Given records:
━━━━━━━━━━━━━━━━
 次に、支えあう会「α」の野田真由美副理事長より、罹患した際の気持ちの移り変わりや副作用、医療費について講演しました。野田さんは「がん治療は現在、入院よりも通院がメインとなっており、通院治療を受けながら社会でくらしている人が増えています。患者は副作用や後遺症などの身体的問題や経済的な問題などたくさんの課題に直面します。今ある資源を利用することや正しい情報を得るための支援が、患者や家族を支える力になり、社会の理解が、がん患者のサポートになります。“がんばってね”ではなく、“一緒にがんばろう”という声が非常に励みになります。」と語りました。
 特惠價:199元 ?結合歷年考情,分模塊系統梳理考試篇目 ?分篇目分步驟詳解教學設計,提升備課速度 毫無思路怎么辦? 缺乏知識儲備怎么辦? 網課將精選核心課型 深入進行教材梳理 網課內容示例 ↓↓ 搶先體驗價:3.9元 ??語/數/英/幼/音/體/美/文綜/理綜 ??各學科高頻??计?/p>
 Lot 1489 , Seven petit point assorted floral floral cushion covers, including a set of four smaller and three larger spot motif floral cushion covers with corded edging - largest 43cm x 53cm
━━━━━━━━━━━━━━━━
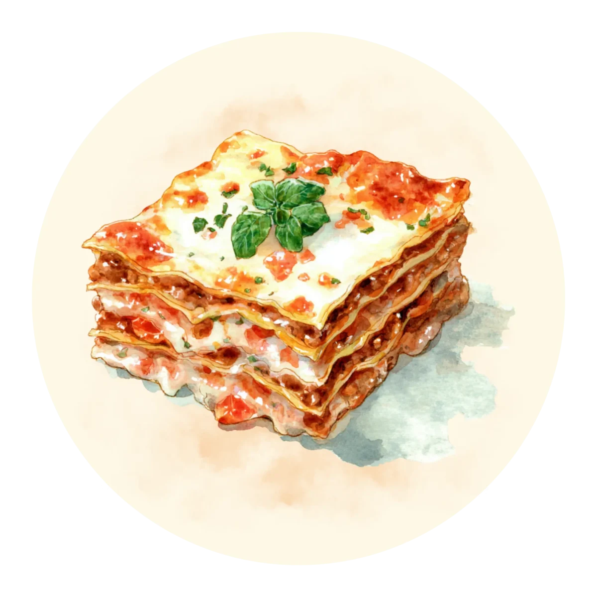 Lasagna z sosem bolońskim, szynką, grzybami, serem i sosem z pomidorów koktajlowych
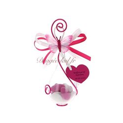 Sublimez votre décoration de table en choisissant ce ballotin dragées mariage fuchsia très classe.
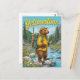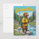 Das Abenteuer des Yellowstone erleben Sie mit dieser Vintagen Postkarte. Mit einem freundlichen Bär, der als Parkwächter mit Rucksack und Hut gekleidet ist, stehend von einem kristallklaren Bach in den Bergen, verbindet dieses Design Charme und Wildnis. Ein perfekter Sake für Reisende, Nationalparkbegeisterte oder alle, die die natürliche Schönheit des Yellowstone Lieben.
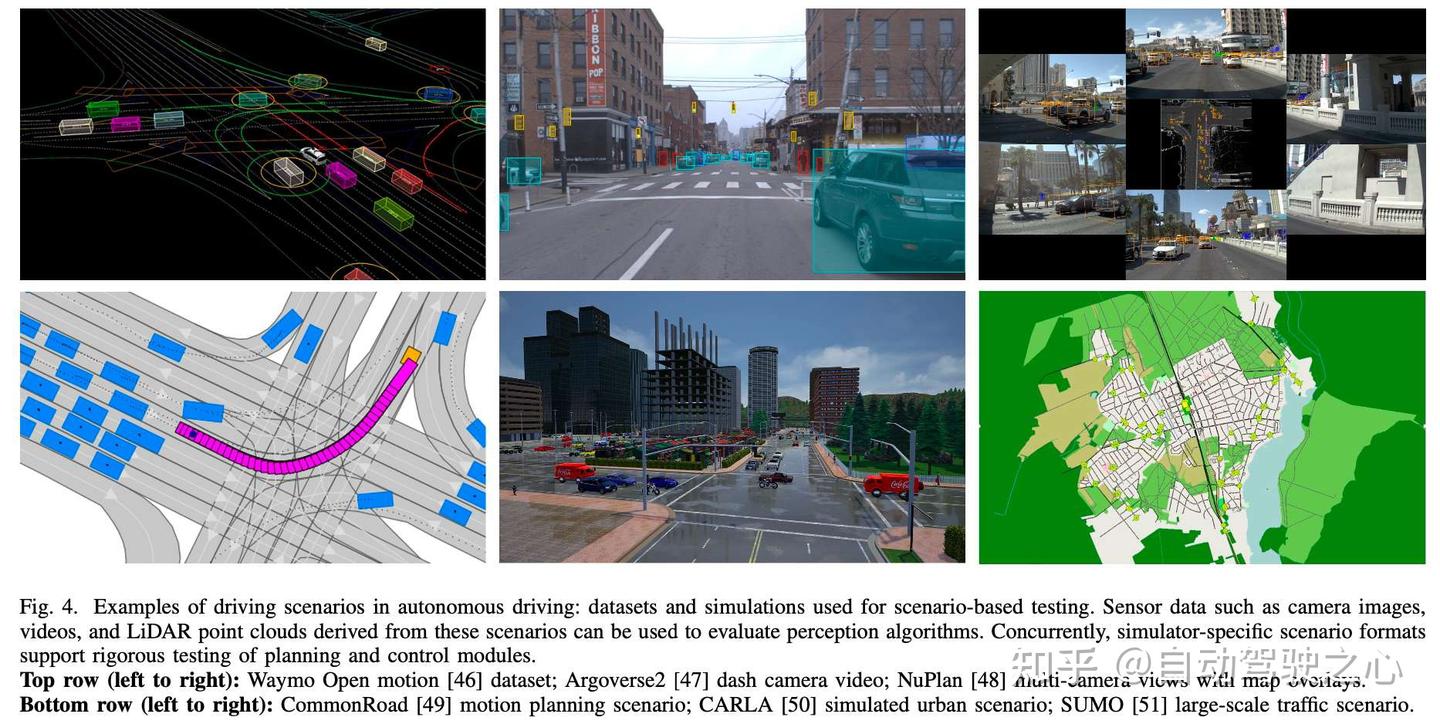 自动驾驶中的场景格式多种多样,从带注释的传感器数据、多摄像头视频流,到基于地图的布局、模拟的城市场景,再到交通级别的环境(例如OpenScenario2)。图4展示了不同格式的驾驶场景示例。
━━━━━━━━━━━━━━━━
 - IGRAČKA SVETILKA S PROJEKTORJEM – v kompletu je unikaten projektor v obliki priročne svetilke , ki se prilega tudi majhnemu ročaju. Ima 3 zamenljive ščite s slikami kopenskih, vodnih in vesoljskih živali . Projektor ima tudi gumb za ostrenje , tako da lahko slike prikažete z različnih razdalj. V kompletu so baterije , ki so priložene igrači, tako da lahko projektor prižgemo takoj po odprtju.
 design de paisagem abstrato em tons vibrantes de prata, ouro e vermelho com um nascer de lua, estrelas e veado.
━━━━━━━━━━━━━━━━
Above, find the line holding "Lasagna z sosem" and the line holding "Sublimez votre décoration". Print exactly those two lines and every line between them, but no pictures.

 Lasagna z sosem bolońskim, szynką, grzybami, serem i sosem z pomidorów koktajlowych
 Sublimez votre décoration de table en choisissant ce ballotin dragées mariage fuchsia très classe.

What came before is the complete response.